Provide an exact copy of the data, excluding the images.

(Recorded data)
⁂

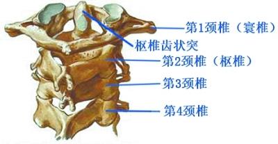 人的第一颈椎叫寰椎,第二颈椎叫枢椎,是两节环形颈椎,寰椎连接颅骨,枢椎的前部环上有个齿状突,上面附着韧带与寰椎相连(如图)。如果想象在寰椎上的圆环前部截取一段弧形并将它看作一张弓,这张弓的弦就是坚强的横韧带,再加另外几根细小而坚强的韧带,构成关节,将这两个颈椎连在一起。
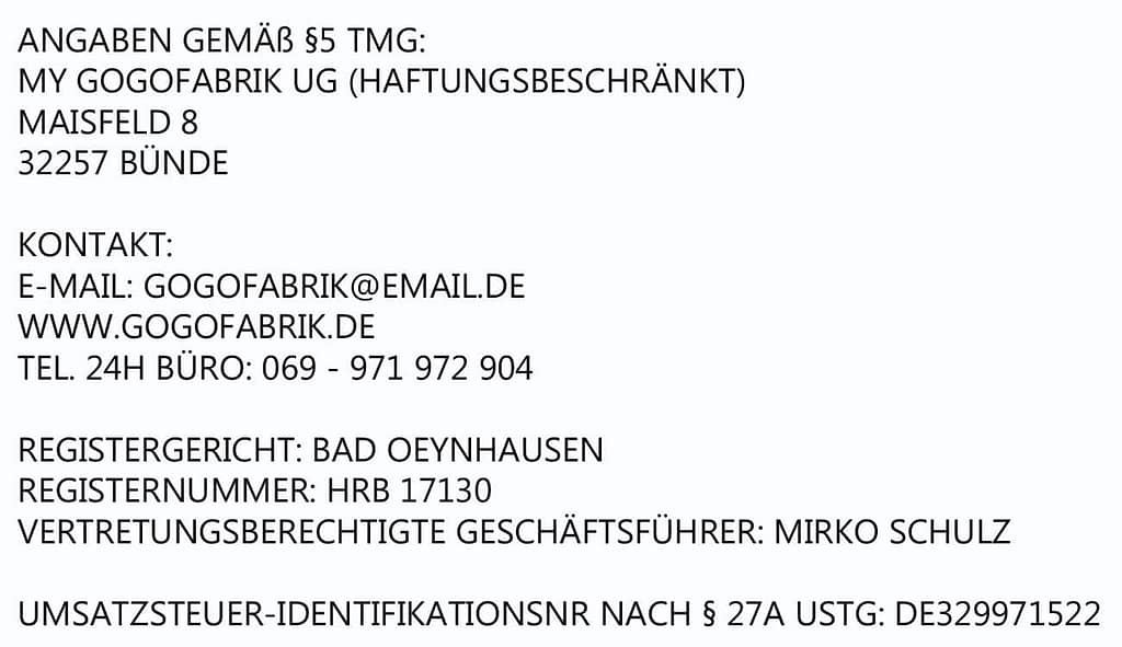 Nach geltendem Recht sind wir verpflichtet, Verbraucher auf die Existenz der Europäischen Online-Streitbeilegungs-Plattform hinzuweisen, die für die Beilegung von Streitigkeiten genutzt werden kann, ohne dass ein Gericht eingeschaltet werden muss. Für die Einrichtung der Plattform ist die Europäische Kommission zuständig. Die Europäische Online-Streitbeilegungs-Plattform ist hier zu finden: http://ec.europa.eu/odr. Unsere E-Mail lautet: gogofabrik@email.de
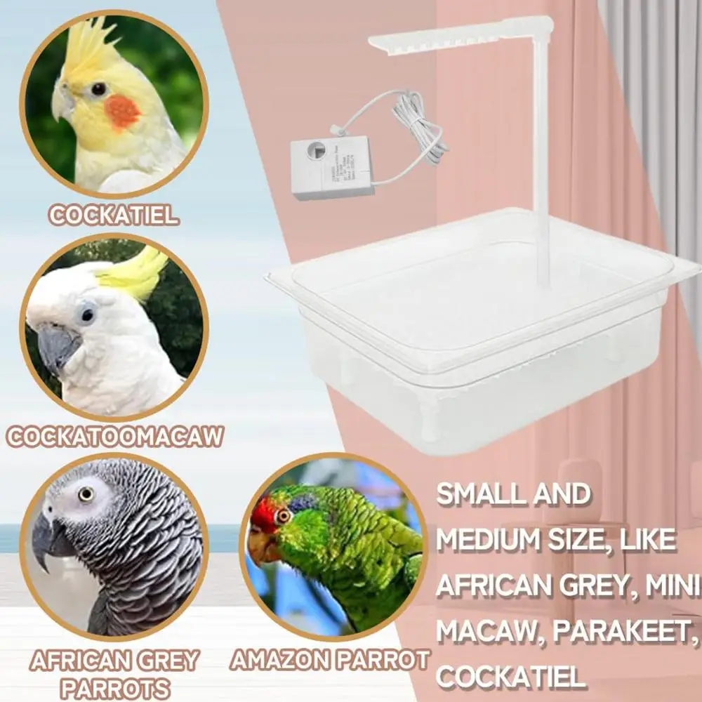 4.Alivia el estrés: diseñada para dejar que tus amigos emplumados florezcan, esta bañera automática ayuda a los loros a aliviar el estrés, garantiza el disfrute en casa y promete un verano encantador.
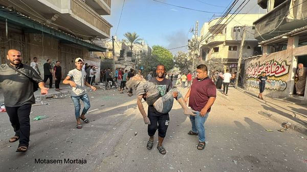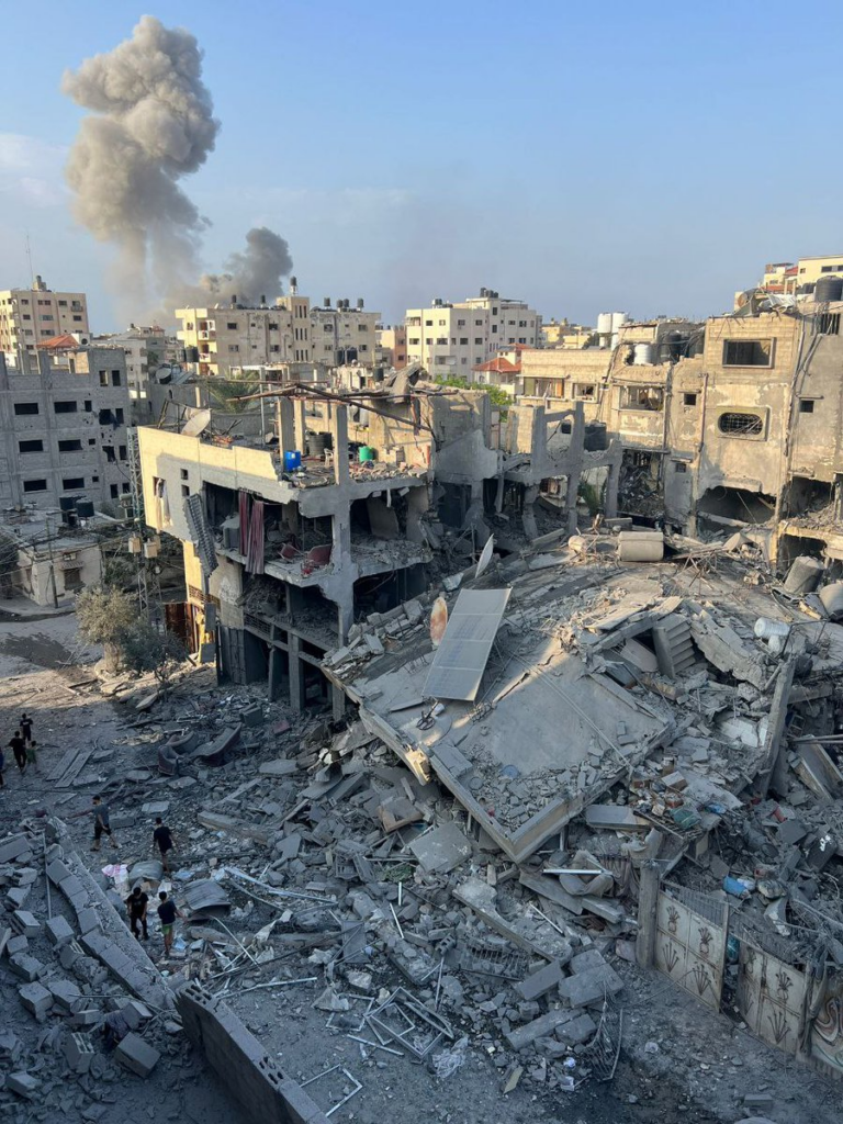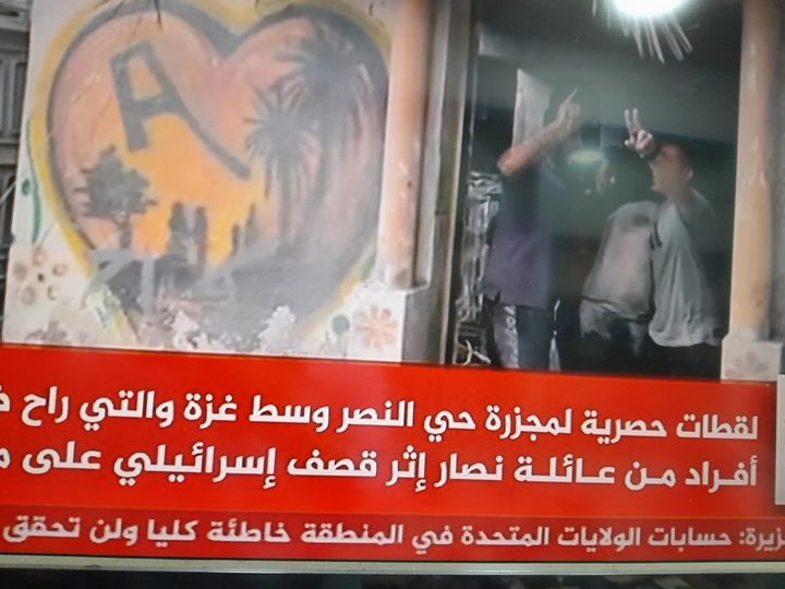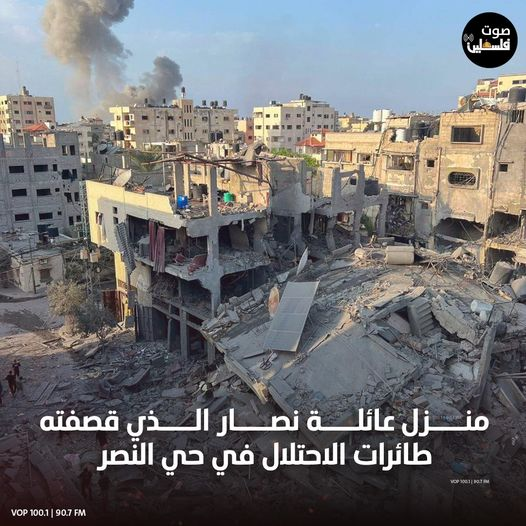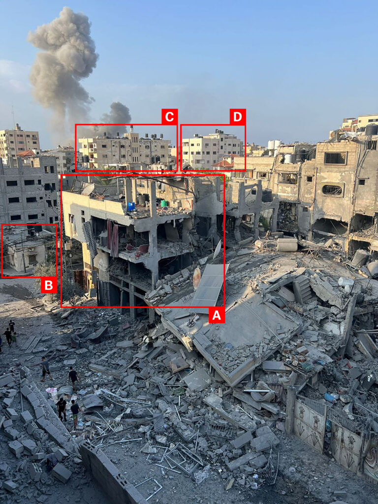 According to several sources including Sky News Arabia and Al-Jazeera Egypt, the multi-story residential building of the Nassar family in the Al-Nasr neighbourhood was completely destroyed by the airstrike, while a tweet from @M_Alzanin mentioned that “three residential homes” were struck. As depicted in videos and reported by sources like Sky News Arabia and The Palestinian Archive, neighbours carried out a rescue mission by pulling out civilians from under the rubble and carrying them to a nearby car because they were unable to call an ambulance or the civil defence crew, due to the [Israeli forces] cutting off communications.
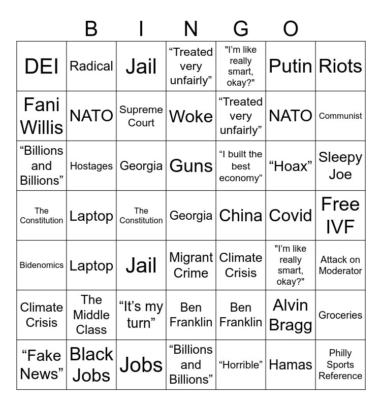 This bingo card has a free space and 160 words: Free!, Kamala’s cackle, "I’m like really smart, okay?", "Nasty”, “You feel me?", The Wall, China, Hamas, Peace Deal, Illegal Criminals, Putin, Afghanistan, Jail, “Fake News”, “I built the best economy”, “The likes of which we’ve never seen”, “I’m talking”, “It’s my turn”, Dream, Abortion, Coup, Indictment, Sleepy Joe, Woke, January 6, Kamala Coverup, DEI, Bidenomics, Weaponization, Gas Prices, Rigged Election, The Middle Class, Laptop, Alvin Bragg, Fani Willis, Riots, Insurrection, Tim Walz, JD Vance, Democrat Run Cities, Supreme Court, Fauci, Covid, Inflation Blame Game, California, Jobs, Open Borders, “Excuse Me”, Free IVF, Project 2025, Attack on Moderator, Black Jobs, Coconut, The Constitution, “The Birthplace of Democracy”, Philly Sports Reference, “Brat”, “Hoax”, “Crossroads”, “Weird”, “Billions and Billions”, “Treated very unfairly”, Ben Franklin, Candidate Misses a cue, “Horrible”, NATO, Migrant Crime, Radical, Insulin, Communist, Tariffs, Disinformation, Climate Crisis, Hostages, “They love me”, Fentanyl, Guns, Pelosi, Groceries, Witch Hunt, Kamala’s cackle, "I’m like really smart, okay?", "Nasty”, “You feel me?", The Wall, China, Hamas, Peace Deal, Illegal Criminals, Putin, Afghanistan, Jail, “Fake News”, “I built the best economy”, “The likes of which we’ve never seen”, “I’m talking”, “It’s my turn”, Dream, Abortion, Coup, Indictment, Sleepy Joe, Woke, Georgia, January 6, Kamala Coverup, DEI, Bidenomics, Weaponization, Gas Prices, Rigged Election, The Middle Class, Laptop, Alvin Bragg, Fani Willis, Riots, Insurrection, Tim Walz, JD Vance, Democrat Run Cities, Supreme Court, Fauci, Covid, Inflation Blame Game, California, Jobs, Open Borders, “Excuse Me”, Free IVF, Project 2025, Attack on Moderator, Black Jobs, Coconut, The Constitution, “The Birthplace of Democracy”, Philly Sports Reference, “Brat”, “Hoax”, “Crossroads”, “Weird”, “Billions and Billions”, “Treated very unfairly”, Ben Franklin, Candidate Misses a cue, “Horrible”, NATO, Migrant Crime, Radical, Insulin, Communist, Tariffs, Disinformation, Climate Crisis, Hostages, “They love me”, Fentanyl, Guns, Pelosi, Groceries and Witch Hunt.
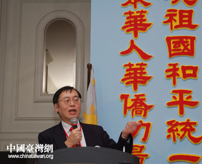 中國統一聯盟主席王津平在第三屆“中國和平統一亞洲論壇”上發表演講 (田云鵬 攝)

⁂

■ Answer to this task ■
 人的第一颈椎叫寰椎,第二颈椎叫枢椎,是两节环形颈椎,寰椎连接颅骨,枢椎的前部环上有个齿状突,上面附着韧带与寰椎相连(如图)。如果想象在寰椎上的圆环前部截取一段弧形并将它看作一张弓,这张弓的弦就是坚强的横韧带,再加另外几根细小而坚强的韧带,构成关节,将这两个颈椎连在一起。
 Nach geltendem Recht sind wir verpflichtet, Verbraucher auf die Existenz der Europäischen Online-Streitbeilegungs-Plattform hinzuweisen, die für die Beilegung von Streitigkeiten genutzt werden kann, ohne dass ein Gericht eingeschaltet werden muss. Für die Einrichtung der Plattform ist die Europäische Kommission zuständig. Die Europäische Online-Streitbeilegungs-Plattform ist hier zu finden: http://ec.europa.eu/odr. Unsere E-Mail lautet: gogofabrik@email.de
 4.Alivia el estrés: diseñada para dejar que tus amigos emplumados florezcan, esta bañera automática ayuda a los loros a aliviar el estrés, garantiza el disfrute en casa y promete un verano encantador.
 According to several sources including Sky News Arabia and Al-Jazeera Egypt, the multi-story residential building of the Nassar family in the Al-Nasr neighbourhood was completely destroyed by the airstrike, while a tweet from @M_Alzanin mentioned that “three residential homes” were struck. As depicted in videos and reported by sources like Sky News Arabia and The Palestinian Archive, neighbours carried out a rescue mission by pulling out civilians from under the rubble and carrying them to a nearby car because they were unable to call an ambulance or the civil defence crew, due to the [Israeli forces] cutting off communications.
 This bingo card has a free space and 160 words: Free!, Kamala’s cackle, "I’m like really smart, okay?", "Nasty”, “You feel me?", The Wall, China, Hamas, Peace Deal, Illegal Criminals, Putin, Afghanistan, Jail, “Fake News”, “I built the best economy”, “The likes of which we’ve never seen”, “I’m talking”, “It’s my turn”, Dream, Abortion, Coup, Indictment, Sleepy Joe, Woke, January 6, Kamala Coverup, DEI, Bidenomics, Weaponization, Gas Prices, Rigged Election, The Middle Class, Laptop, Alvin Bragg, Fani Willis, Riots, Insurrection, Tim Walz, JD Vance, Democrat Run Cities, Supreme Court, Fauci, Covid, Inflation Blame Game, California, Jobs, Open Borders, “Excuse Me”, Free IVF, Project 2025, Attack on Moderator, Black Jobs, Coconut, The Constitution, “The Birthplace of Democracy”, Philly Sports Reference, “Brat”, “Hoax”, “Crossroads”, “Weird”, “Billions and Billions”, “Treated very unfairly”, Ben Franklin, Candidate Misses a cue, “Horrible”, NATO, Migrant Crime, Radical, Insulin, Communist, Tariffs, Disinformation, Climate Crisis, Hostages, “They love me”, Fentanyl, Guns, Pelosi, Groceries, Witch Hunt, Kamala’s cackle, "I’m like really smart, okay?", "Nasty”, “You feel me?", The Wall, China, Hamas, Peace Deal, Illegal Criminals, Putin, Afghanistan, Jail, “Fake News”, “I built the best economy”, “The likes of which we’ve never seen”, “I’m talking”, “It’s my turn”, Dream, Abortion, Coup, Indictment, Sleepy Joe, Woke, Georgia, January 6, Kamala Coverup, DEI, Bidenomics, Weaponization, Gas Prices, Rigged Election, The Middle Class, Laptop, Alvin Bragg, Fani Willis, Riots, Insurrection, Tim Walz, JD Vance, Democrat Run Cities, Supreme Court, Fauci, Covid, Inflation Blame Game, California, Jobs, Open Borders, “Excuse Me”, Free IVF, Project 2025, Attack on Moderator, Black Jobs, Coconut, The Constitution, “The Birthplace of Democracy”, Philly Sports Reference, “Brat”, “Hoax”, “Crossroads”, “Weird”, “Billions and Billions”, “Treated very unfairly”, Ben Franklin, Candidate Misses a cue, “Horrible”, NATO, Migrant Crime, Radical, Insulin, Communist, Tariffs, Disinformation, Climate Crisis, Hostages, “They love me”, Fentanyl, Guns, Pelosi, Groceries and Witch Hunt.
 中國統一聯盟主席王津平在第三屆“中國和平統一亞洲論壇”上發表演講 (田云鵬 攝)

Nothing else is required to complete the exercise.